**Work item:** Restate word for word the entries below, starting at the line with "Besuch beim Inklusionsprojekt" and ending at the line with "P.M. ●DRINK/10:00 A.M. ~9:00 P.M.". Keep both end lines and omit the pictures.

**Source information:**
+ + + +

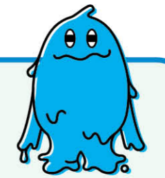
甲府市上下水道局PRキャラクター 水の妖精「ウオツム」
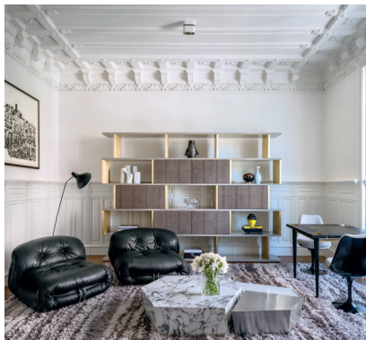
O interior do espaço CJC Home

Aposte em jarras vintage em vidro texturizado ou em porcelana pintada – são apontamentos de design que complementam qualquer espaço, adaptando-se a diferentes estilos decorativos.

+ + + +

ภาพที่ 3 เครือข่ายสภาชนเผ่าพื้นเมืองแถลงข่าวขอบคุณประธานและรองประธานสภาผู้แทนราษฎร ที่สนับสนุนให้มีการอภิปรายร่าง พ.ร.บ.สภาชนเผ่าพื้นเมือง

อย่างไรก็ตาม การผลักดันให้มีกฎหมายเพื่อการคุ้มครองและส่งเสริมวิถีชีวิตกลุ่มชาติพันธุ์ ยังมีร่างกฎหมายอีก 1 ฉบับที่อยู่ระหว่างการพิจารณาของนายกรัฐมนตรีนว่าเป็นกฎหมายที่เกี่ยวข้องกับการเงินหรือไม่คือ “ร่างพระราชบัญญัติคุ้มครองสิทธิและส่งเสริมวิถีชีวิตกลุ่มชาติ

+ + + +

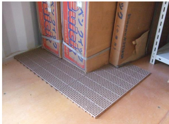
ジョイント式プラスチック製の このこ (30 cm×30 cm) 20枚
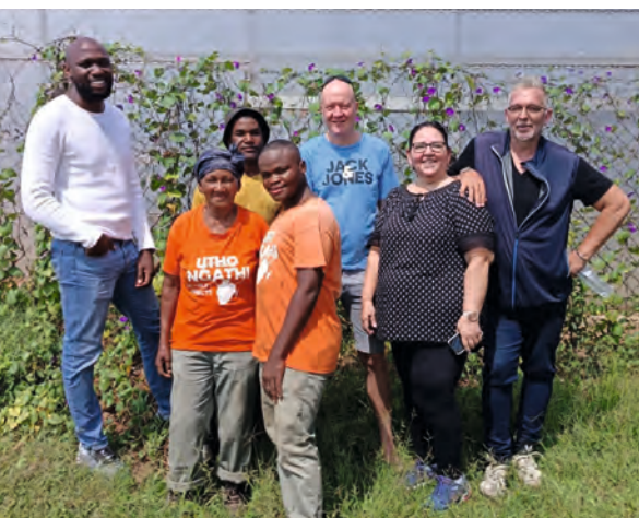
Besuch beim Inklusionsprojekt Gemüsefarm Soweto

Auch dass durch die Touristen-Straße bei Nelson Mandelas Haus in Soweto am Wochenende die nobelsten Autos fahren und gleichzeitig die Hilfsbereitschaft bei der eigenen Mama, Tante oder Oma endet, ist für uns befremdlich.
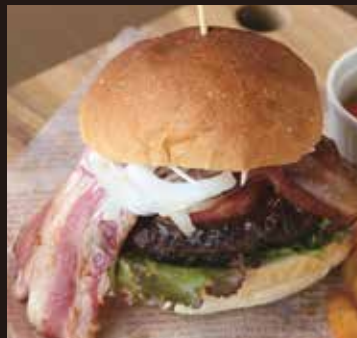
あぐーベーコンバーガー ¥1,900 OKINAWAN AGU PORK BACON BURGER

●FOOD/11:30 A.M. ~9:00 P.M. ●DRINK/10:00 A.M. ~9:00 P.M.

+ + + +

**Written response:**
Besuch beim Inklusionsprojekt Gemüsefarm Soweto

Auch dass durch die Touristen-Straße bei Nelson Mandelas Haus in Soweto am Wochenende die nobelsten Autos fahren und gleichzeitig die Hilfsbereitschaft bei der eigenen Mama, Tante oder Oma endet, ist für uns befremdlich.
あぐーベーコンバーガー ¥1,900 OKINAWAN AGU PORK BACON BURGER

●FOOD/11:30 A.M. ~9:00 P.M. ●DRINK/10:00 A.M. ~9:00 P.M.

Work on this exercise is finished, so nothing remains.